D'Anne Haydel, Attorney for Respondent
 

ORDERS:

FINAL ORDER AND DECISION

I. STATEMENT OF THE CASE

This matter comes before me pursuant to S.C. Code Ann. § 12-60-2540 (2000) and S.C. Code Ann. § 1-23-310 et seq. (1986 & Supp. 2000). Petitioners J. M. and Lou D. Guthrie (Petitioners) contend that their two adjoining parcels of land, with one residential building located on each parcel, constitute one legal residence and that the Orangeburg County Assessor's (Assessor) decision to tax one dwelling and lot at the residential rate of 4% of fair market value and the other dwelling and lot at the default rate of 6% of market value for the 2000 tax year is erroneous. The Orangeburg County Assessor's office disagrees, finding that a property owner can receive the 4% residential tax rate on only one residence per tax year and maintaining that it acted properly in assessing one of Petitioners' lots at the residential tax rate and the other at the standard rate.

After timely notice to the parties, a hearing was conducted on August 15, 2001, at the Administrative Law Judge Division, Columbia, South Carolina. Based upon testimony and the evidence presented, I find that Petitioners are not entitled to the 4% residential tax assessment on their property at 152 Scoville Road.

II. FINDINGS OF FACT

Having carefully considered all testimony, exhibits, and arguments presented at the hearing of this matter, and taking into account the credibility and accuracy of the evidence, I make the following Findings of Fact by a preponderance of the evidence:

1. For the tax year in question and for over thirty years prior, Petitioners owned and resided at 184 Scoville Road, Orangeburg, South Carolina (184 Scoville).

2. Petitioners purchased the adjoining lot at 152 Scoville Road (152 Scoville) in 1999. This purchase included the house located on the property.

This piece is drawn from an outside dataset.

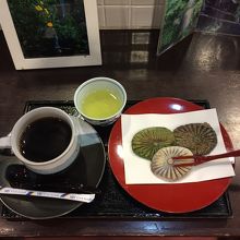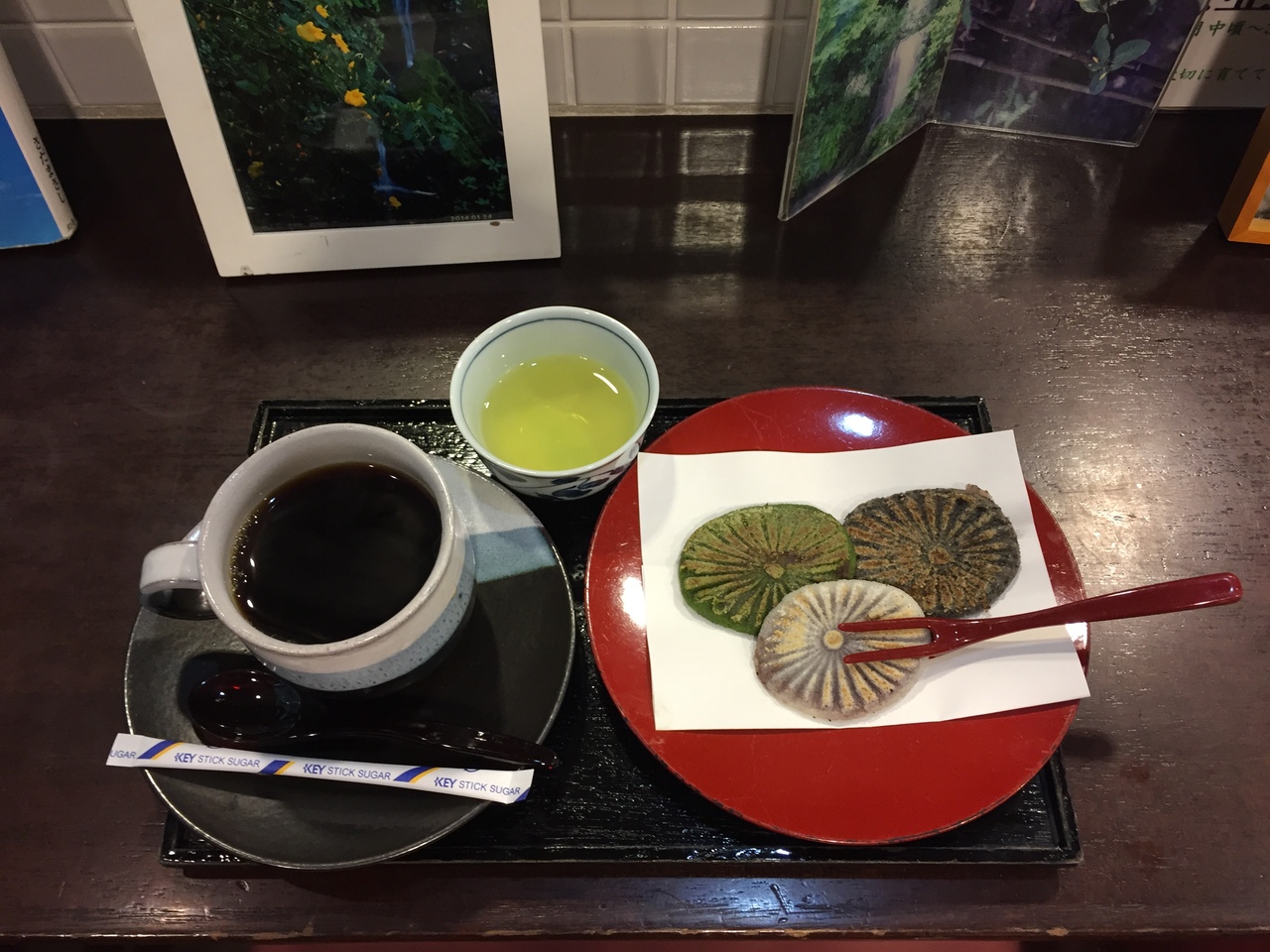 カウンター席からは 滝が見えたので そこでゆっくり 焼き餅を食べた。

3. Prior to this purchase, 152 Scoville was owned and occupied by individuals other than the Petitioners and was considered to be a plot of land separate and distinct from 184 Scoville.

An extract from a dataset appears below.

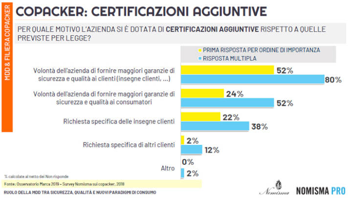 • Per quasi 1 azienda su 2 (46%) la GDO rappresenta una spinta a sviluppare prodotti che seguono disciplinari legati a certificazioni. La volontà di offrire maggiori garanzie di qualità ai propri clienti (insegne) è il primo elemento che spinge i copacker a dotarsi di certificazioni aggiuntive rispetto a quelle previste dagli obblighi di legge (80%). Il 52% delle aziende di copacking invece si dota di certificazioni addizionali spinti dalla volontà di offrire maggiori garanzie ai consumatori finali. In questo contesto è importante anche il ruolo svolto dai retailer: il 38% dei copacker, infatti, afferma di dotarsi di certificazioni sollecitato da specifica richiesta delle insegne clienti.

4. Since the purchase of 152 Scoville, Petitioners have treated the property as a residence. Petitioners keep clothing, furniture, including a bed, kitchen supplies, and other personal property at 152 Scoville. They keep up with maintenance of 152 Scoville. No others, including relatives, have access to the property at 152 Scoville, and Petitioners do not rent out the property or use it for any other commercial purposes.

5. After a fire at 184 Scoville in late 1999, Petitioners lived for seven months in the residence at 152 Scoville and did not return to 184 Scoville until the middle of 2000.

6. On a day-to-day basis, however, Petitioners normally live at 184 Scoville, and use 152 Scoville merely as optional residence space.

7. The properties at 184 Scoville and 152 Scoville were combined by the Assessor for administrative convenience beginning in the 2000 tax year under Parcel Number 0152-11-08-006.000.

8. No official documents have been produced that list 152 Scoville as Petitioners' mailing address. (1)

III. CONCLUSIONS OF LAW

Petitioners' claim that the 152 Scoville residence and surrounding lot should be taxed along with the property at 184 Scoville as their legal residence under S.C. Code Ann. § 12-43-220(c) (2000) must ultimately fail.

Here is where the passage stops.